Самое главное, что брат мой тоже очень много дал мне, потому что… У нас разница в пять… четыре-пять лет, то бишь у нас так, переходящая вот эта разница. У меня день рожденья, четыре года, ему – пять сразу да, получается. Ему… он со своим другом… Надо сказать, что мы жили, когда уже получили квартиру на Красных Зорях, у нас подобралась очень интересная компания. У нас подъезд обычный – пятнадцати… шестнадцатиквартирный. В десяти квартирах жили ребята, они все были старше, я самый младший там был у них. Они все были на пять лет примерно старше меня, на четыре, на пять. Я, естественно, к ним тянулся, потому что брат у меня был, так сказать. Сначала они меня не брали, а потом я с ними. В футбол я с ними играл. То есть самое главное никаких там пьянок, гулянок, да, никакого там курева, да, никаких там…ухаживаний за девчонками. Это хоккей и футбол, круглый… вообще, можно было круглые сутки, хоккей, футбол.

[А в хоккей где играли?]

А в хоккей играли на этой… на дороге, прям на проезжей части. Выбирали где фонари.

[На Красных Зорях?]

Мы играли на улице Степана Разина, на Красных Зорях нет, там большое движение. Брали такие переулочки, меньше машин ездит, да. И вот чтобы было освещение. Ворота ставили, всё. Бывало даже, что милиция ехала, а мы играем, мы не видим, и они «и-у-у», типа, или пожарные: «Уходите с дороги, что здесь играете!» А где ещё?

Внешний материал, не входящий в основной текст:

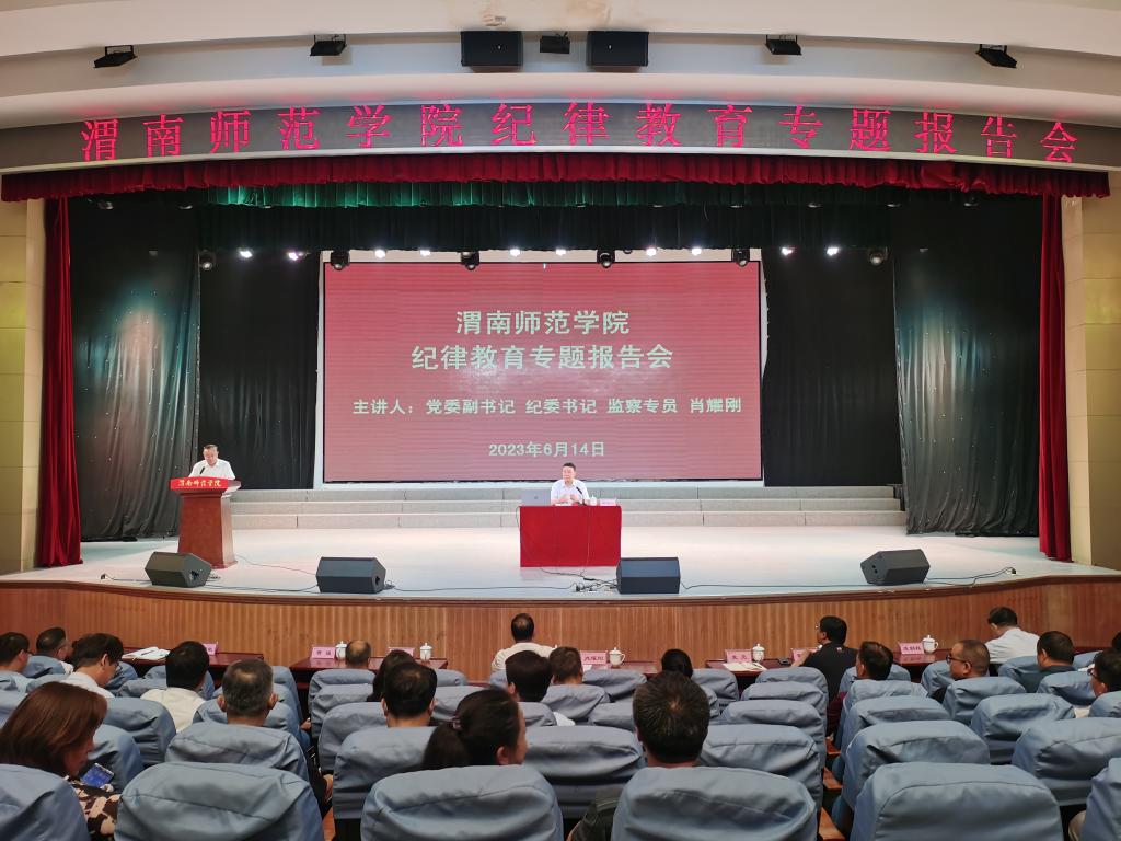 6月14日下午,学校举办纪律教育专题报告会,党委副书记、纪委书记、监察专员肖耀刚作题为“坚持党性原则 筑牢党性根基 严守党的政治纪律和政治规矩”纪律教育专题党课。报告会由党委副书记袁亮主持。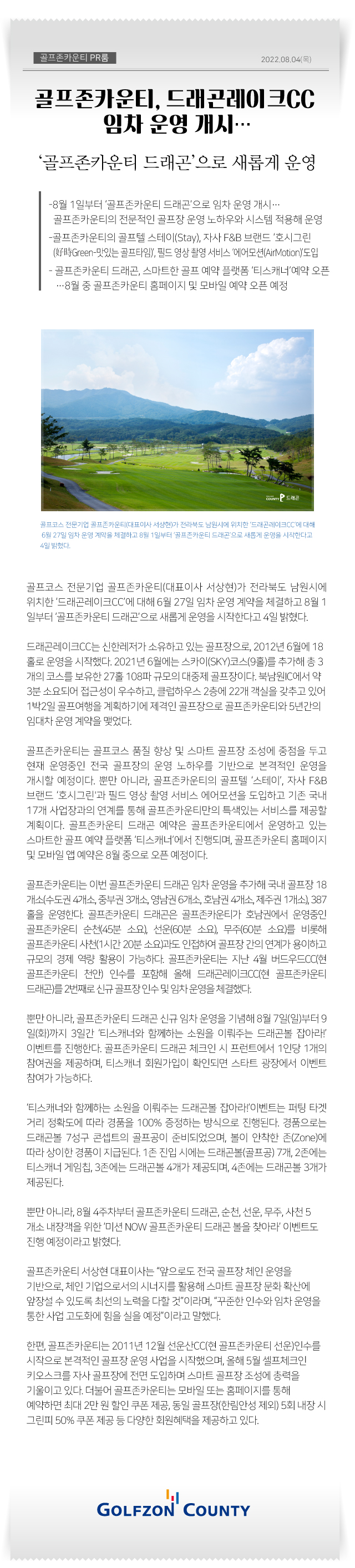 [8월4일] 골프존카운티, 드래곤레이크CC 임차운영 개시, 골프존카운티 드래곤으로 새롭게 운영 언론 보도 | 2022.08.04 No매체명제목1한국경제TV골프존카운티, 남원 `드래곤레이크CC` 5년간 임차운영 개시2뉴스1골프존카운티, 드래곤레이크CC 임차 “노하우·시스템 적용”3뉴시스골프존카운티 드래곤’ 운영 개시…드래곤레이크CC 임차4IT조선골프존카운티, 남원 드래곤레이크CC 임차 운영5머니투데이골프존카운티, 남원 드래곤레이크CC 5년간 임차운영 개시6파이낸셜뉴스골프존카운티 드래곤’ 운영 개시…드래곤레이크CC 임차7뉴스다이제스트골프존카운티, ’골프존카운티 드래곤’ 임차 운영 개시8뉴스인사이드골프존카운티, 드래곤레이크CC 임차 운영 개시…’골프존카운티 드래곤’으로 새롭게 운영9더퍼스트골프존카운티, 드래곤레이크CC 임차 운영 개시10레저신문골프존카운티, 드래곤레이크CC 임차 운영 개시…’골프존카운티 드래곤’으로 운영11로이슈골프존카운티, 드래곤레이크CC 임차 운영 개시…’골프존카운티 드래곤’으로 새롭게 운영12리버티코리아포스트골프존카운티,드래곤레이크CC 임차 ‘골프존카운티 드래곤’으로 새롭게 운영13브레이크뉴스골프존카운티, 드래곤레이크CC 임차..‘골프존카운티 드래곤’으로 운영14스타뉴스골프존카운티, 드래곤레이크CC ‘골프존카운티 드래곤’으로 새롭게 운영15여성소비자신문골프존카운티, 드래곤레이크CC 임차 운영…’골프존카운티 드래곤’으로 새롭게 운영16워크투데이골프존카운티, 드래곤레이크CC 임차 운영 개시…’골프존카운티 드래곤’으로 새롭게 운영17이코노미타임즈골프존카운티, 드래곤레이크CC 임차 운영 개시…’골프존카운티 드래곤’으로 새롭게 운영18일요주간드래곤레이크CC→‘골프존카운티 드래곤’으로…‘NEW OPEN’19팩트뉴스골프존카운티, 드래곤레이크CC ’골프존카운티 드래곤’으로 새롭게 운영20프라임경제[골프홀릭] 던롭·골프존데카·힐크릭·PXG·캘러웨이골프 외21프레스맨골프존카운티, 드래곤레이크CC 임차 운영…’골프존카운티 드래곤’으로 변경22중도일보골프존카운티, 남원 드래곤레이크CC 임차 운영23충남일보골프존카운티, 드래곤레이크CC 임차 운영 개시24충청뉴스골프존카운티, 드래곤레이크CC 임차 운영 개시25충청신문골프존카운티, 드래곤레이크CC 임차 운영 개시 본문 텍스트 복사하기 본문 이미지 전체 다운로드 연관 콘텐츠 언론 보도 [04월21일]골프존, 아파트 커뮤니티 전용 스크린골프 렌탈 서비스 론칭 2026.04.21 언론 보도 [04월17일]골프존파스텔합창단, 장애인 합창단원 모집 “함께 부르는 희망의 하모니” 2026.04.17 언론 보도 [04월15일]골프존커머스, 26년 3월 골프클럽 판매 순위 공개 2026.04.15 언론 보도 김영찬 회장, 4년 연속 ‘Golf Inc’ 선정 아시아 골프산업에서 가장 영향력 있는 인물 1위 선정 2026.04.14 언론 보도 [04월10일]골프존문화재단, 제13회 대전 그리다, 꿈꾸다 展’ 개최 2026.04.10 언론 보도 [03월31일]골프존문화재단, 1천800만원 상당 ‘이웃사랑 행복나눔’ 생필품 후원 2026.03.31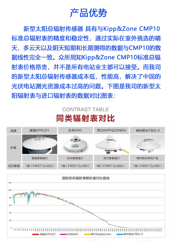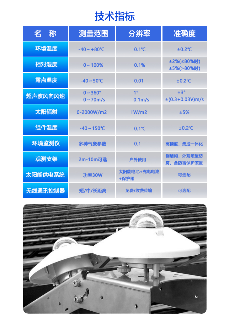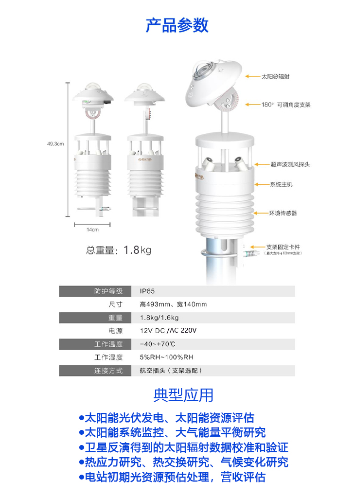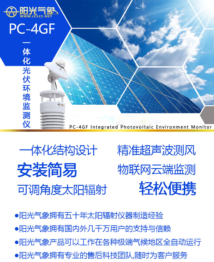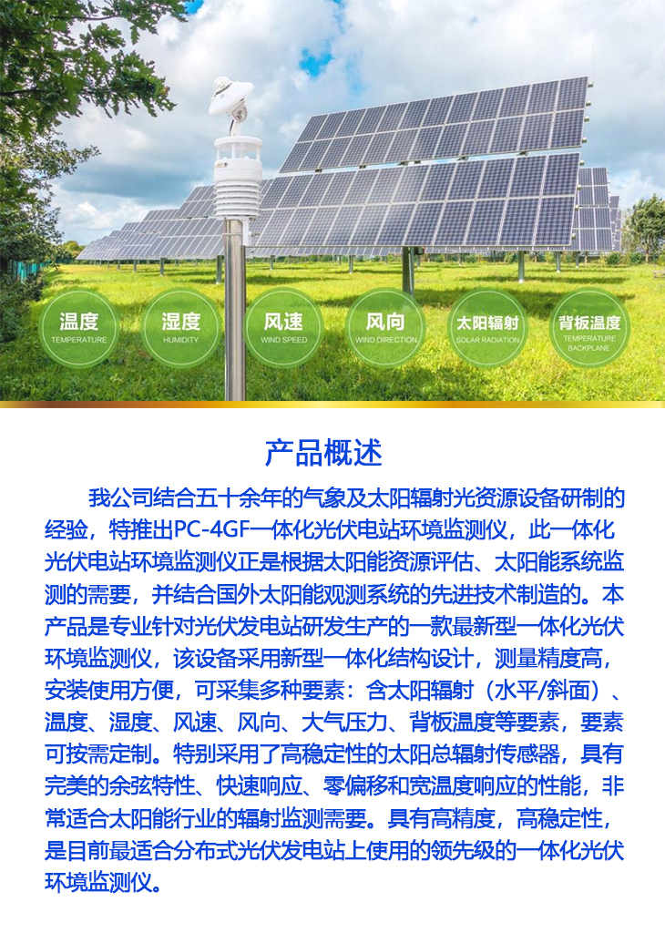 本產(chǎn)品是針對(duì)光伏發(fā)電站研發(fā)生產(chǎn)的一款最新型一體化光伏環(huán)境監(jiān)測(cè)儀,該設(shè)備采用新型一體化結(jié)構(gòu)設(shè)計(jì),測(cè)量精度高,安裝使用方便,可采集多種要素:含太陽(yáng)輻射(水平/斜面)、溫度、濕度、風(fēng)速、風(fēng)向、大氣壓力、背板溫度等要素,要素可按需定制。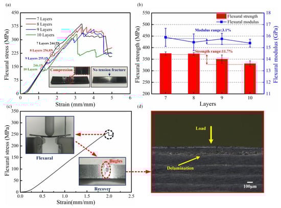 Figure 5b shows the flexural strengths and modulus of multi-CFPLs versus the unit-CFPL layer. In general, the flexural strength presents a slight tendency to decline as the layers of the unit-CFPL increase. For instance, the flexural strength decreases from 374.78 to 330.75 MPa as the layer numbers increase from 7 to 10. Katsiropoulos et al. [] reported that with increasing numbers of layers in a laminate, some bond line defects (e.g., voids, kissing bonds, and porosity) were increased, adversely affecting the mechanical properties of bonding joints. Moreover, in a flexural test, the bending moment and the shear force exist simultaneously, resulting in a mixing failure mode including delamination, tension and compression []. Therefore, the flexural strength of a multi-CFPL is hard to keep stable with the growth of the unit-CFPL layers. However, the flexural modulus of a multi-CFPL is relatively stable. As the layer number increases from 7 to 10, the flexural modulus fluctuates slightly up and down between 15.39 to 15.89 GPa, which demonstrates the stability of the rigidity of this laminate. This behavior is also reflected in the Hookean region of stress–strain curves.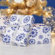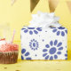 Pretty blue and white floral patterned gift wrap. Abstract blue daisies on white.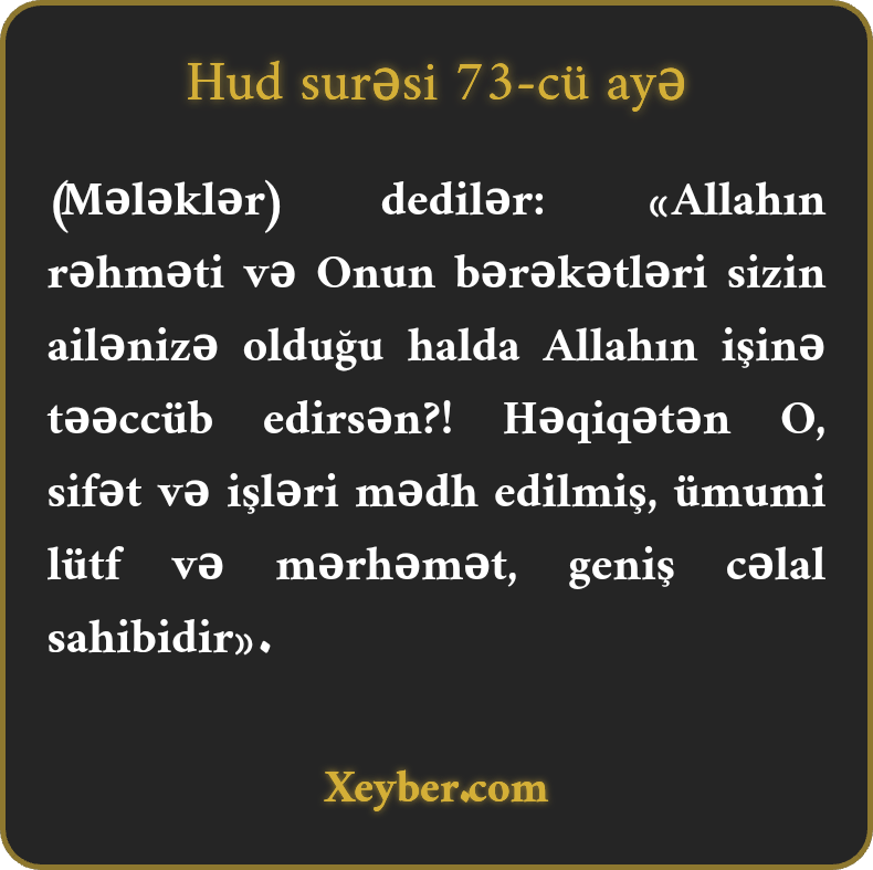 “(Mələklər İbrahimin zövcəsinə) dedilər: “Allahın işinə təəccübmü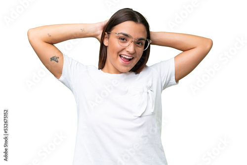 Young beautiful brunette woman over isolated background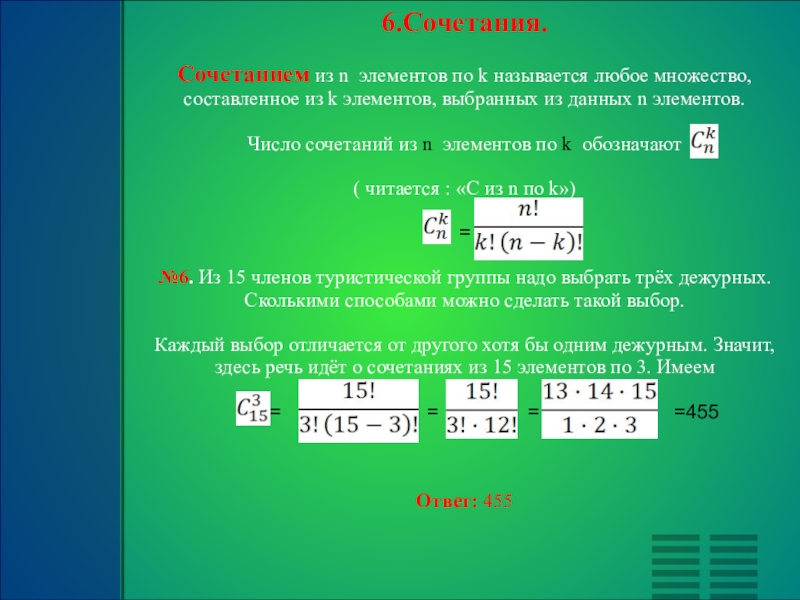 №6. Из 15 членов туристической группы надо выбрать трёх дежурных. Сколькими способами можно сделать такой выбор.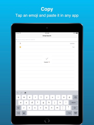 Paste is an emoji search app to quickly search for and copy emoji and paste them anywhere else. Now it is easier than ever to find the perfect emoji. No more swiping through long and large grids of emoji for minutes just to find the right one!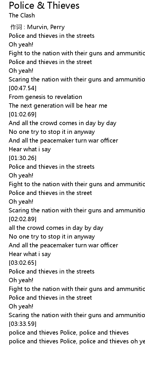 | [03:34.66] | police and thieves Police, police and thieves |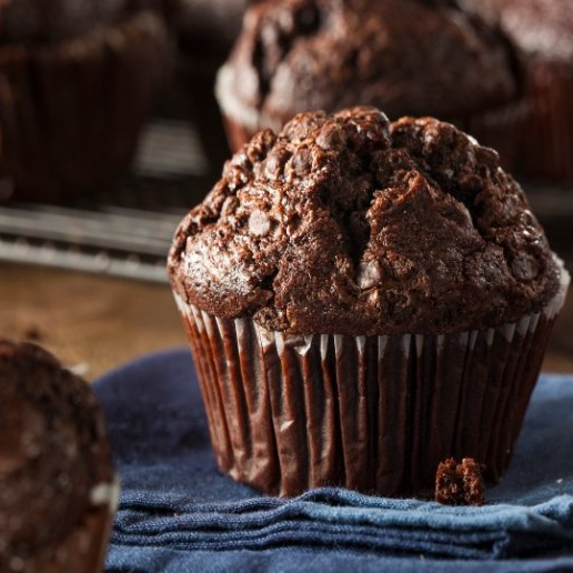 Grande y esponjoso muffin con trozos de chocolate, se sirve calentito. Big and fluffy muffin with chocolate chunks, served warm.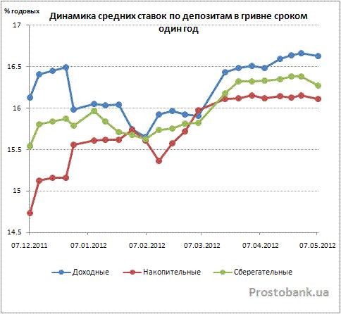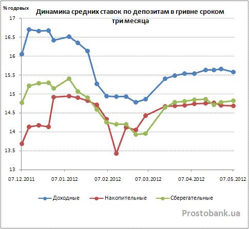 Так, средняя доходность вкладов в гривне преимущественно снижалась, в целом же за апрель-2012 она изменилась на 0,01-0,13 п.п. и составила 8,11-16,63% годовых. Средние ставки по вкладам сроком на год изменились в два раза больше, чем средние ставки по вкладам сроком на три месяца. При этом доходность по всем годовым вкладам снижалась, кроме доходных депозитов (с выплатой процентов ежемесячно или ежеквартально без права пополнения или частичного снятия), по которым средняя ставка увеличилась на 0,11 п.п. и составила 16,63% годовых. Эти же депозиты пока остаются самыми доходными их всех вкладов на рассматриваемые нами сроки.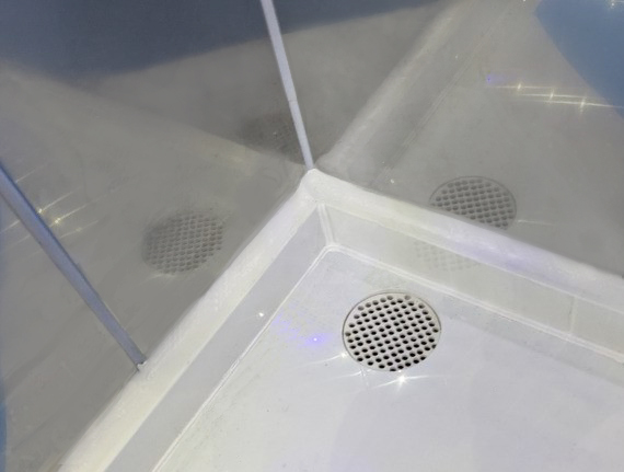 防水床(硬質塩ビ樹脂押出板10mm厚)角部には排水用目皿

[А на Красных Зорях это дом какой номер?]

Дом шесть.

[Дом шесть, да. А вот это вот где играли? Степана Разина…]

Степана… прям возле рынка там, там движение было небольшое. А потом еще был переулок Коммунистический, там играли. Вот. А в футбол мы играли в сквере возле Малой церкви, за Малой церковью. Мы же не знали, что там кладбище. Там кладбище. Мы играли там в футбол...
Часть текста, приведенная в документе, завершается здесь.